Question

genes that map to hg38 coordinates

1

Entering edit mode

8.5 years ago

bioguy24 ▴ 230

Given a list of ~55,000 hg38 coordinates is there an easy way to get the gene that maps to it?I guess it is running genome browser in batch. Maybe there is a mysql command that will use the input? Thank you :).

input

 chr1:1013574-1013576
 chr1:1013984-1014478
 chr1:1020163-1020383

desired output

  chr1:1013574-1013576 ISG15
  chr1:1013984-1014478 ISG15
  chr1:1020163-1020383 AGRN

ngs • 5.9k views

ADD COMMENT • link 8.5 years ago by bioguy24 ▴ 230

0

Entering edit mode

Thank you all for the great solutions :).

ADD REPLY • link 8.5 years ago by bioguy24 ▴ 230

2

Entering edit mode

8.5 years ago

Charles Plessy ★ 2.9k

You can use R and Bioconductor's GenomicRanges package as follows:

First, represent your regions of interest as genomic ranges. For real data, you may load a BED file with the function rtracklayer::import.bed(). Here, we create by hand the three regions that you gave as example. The output of the commands is displayed in italics.

# In R, load the library.
library(GenomicRanges)

# Create an GRanges object (here called, 'r'). that contains the regions of interest.
r <- c( GRanges("chr1", IRanges(1013574,1013576))
      , GRanges("chr1", IRanges(1013984,1014478))
      , GRanges("chr1", IRanges(1020163,1020383)))
r

Output:

GRanges object with 3 ranges and 0 metadata columns: seqnames ranges strand <Rle> <IRanges> <Rle> [1] chr1 [1013574, 1013576] * [2] chr1 [1013984, 1014478] * [3] chr1 [1020163, 1020383] * ------- seqinfo: 1 sequence from an unspecified genome; no seqlengths

Then, load genomic ranges for an annotation, for instance GENCODE.

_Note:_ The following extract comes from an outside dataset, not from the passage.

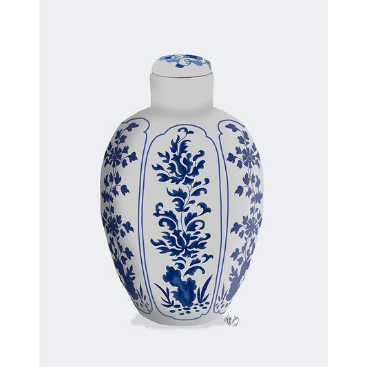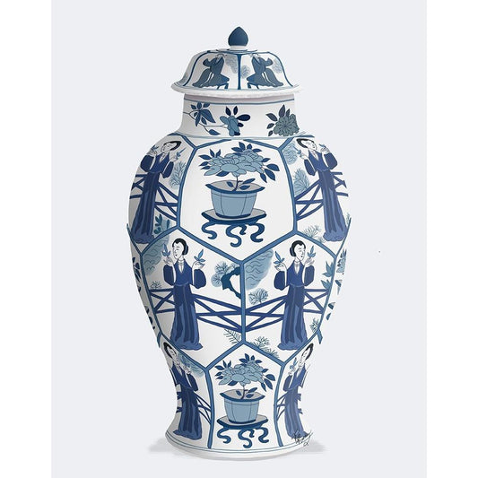 Chinoiserie Vase Leaf Picker Blue Black Modern Wood Framed Art Print by Fab Funky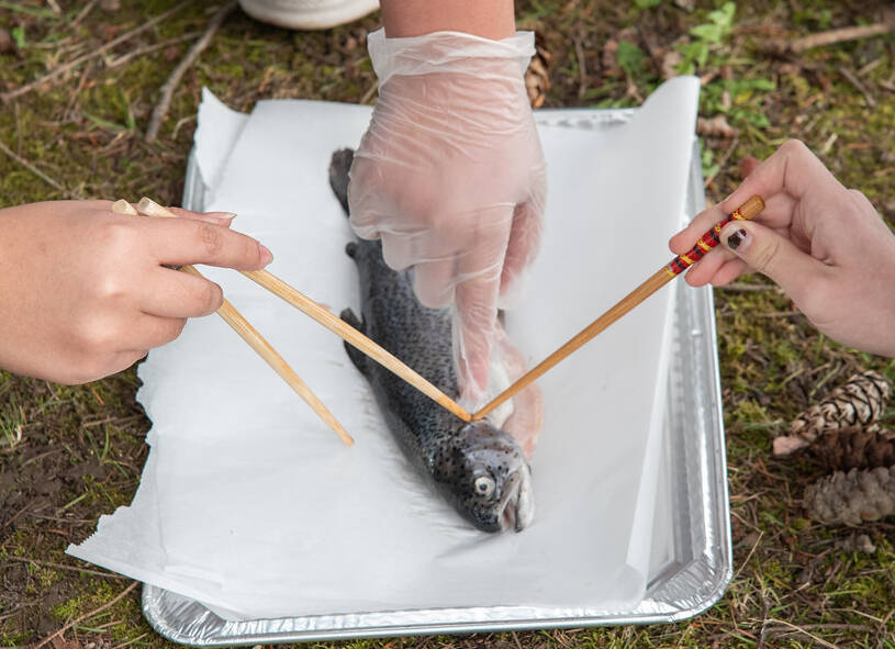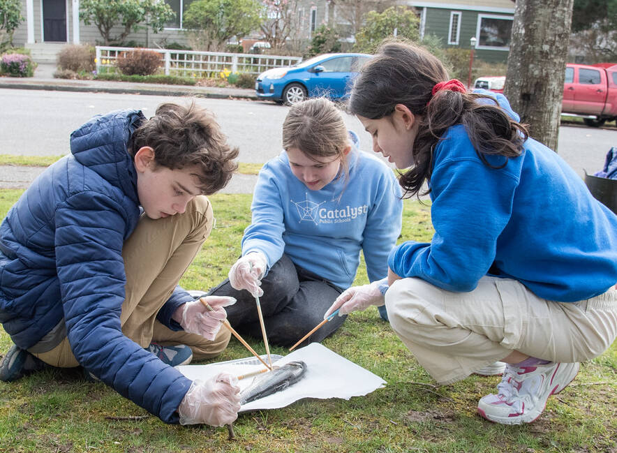 Timoteo Butler, left, Indie Becker, and Sofia Butler of Catalyst Public Schools explore the anatomy of a salmon.

# Get GENCODE from the Bioconductor's Annotation Hub.
library(AnnotationHub)
ah <- AnnotationHub()
query(ah, c("Gencode", "gff", "human"))

Output:

AnnotationHub with 9 records # snapshotDate(): 2016-12-29 # $dataprovider: Gencode # $species: Homo sapiens # $rdataclass: GRanges # additional mcols(): taxonomyid, genome, description, tags, # sourceurl, sourcetype # retrieve records with, e.g., 'object[["AH49554"]]' title AH49554 | gencode.v23.2wayconspseudos.gff3.gz AH49555 | gencode.v23.annotation.gff3.gz AH49556 | gencode.v23.basic.annotation.gff3.gz AH49557 | gencode.v23.chr_patch_hapl_scaff.annotation.gff3.gz AH49558 | gencode.v23.chr_patch_hapl_scaff.basic.annotation.gff3.gz AH49559 | gencode.v23.long_noncoding_RNAs.gff3.gz AH49560 | gencode.v23.polyAs.gff3.gz AH49561 | gencode.v23.primary_assembly.annotation.gff3.gz AH49562 | gencode.v23.tRNAs.gff3.gz

The command above returned that the ID for GENCODE 23 is AH49556 and indicated which command to run next.

ah["AH49556"]
gc <- ah[["AH49556"]]

Then, intersect your regions of interest with the annotation.

overlaps <- findOverlaps(r, gc)

This returns an object telling which region overlaps with which annotation. The last step is to extract the gene names, collate them, and prepare your final output.

genes <- extractList(gc$gene_name, as(overlaps, "List"))
genes <- unstrsplit(unique(genes), ";") # Needed in case more than one gene overlaps.
paste(as.character(r), genes)

[1] "chr1:1013574-1013576 ISG15" "chr1:1013984-1014478 ISG15" [3] "chr1:1020163-1020383 AGRN"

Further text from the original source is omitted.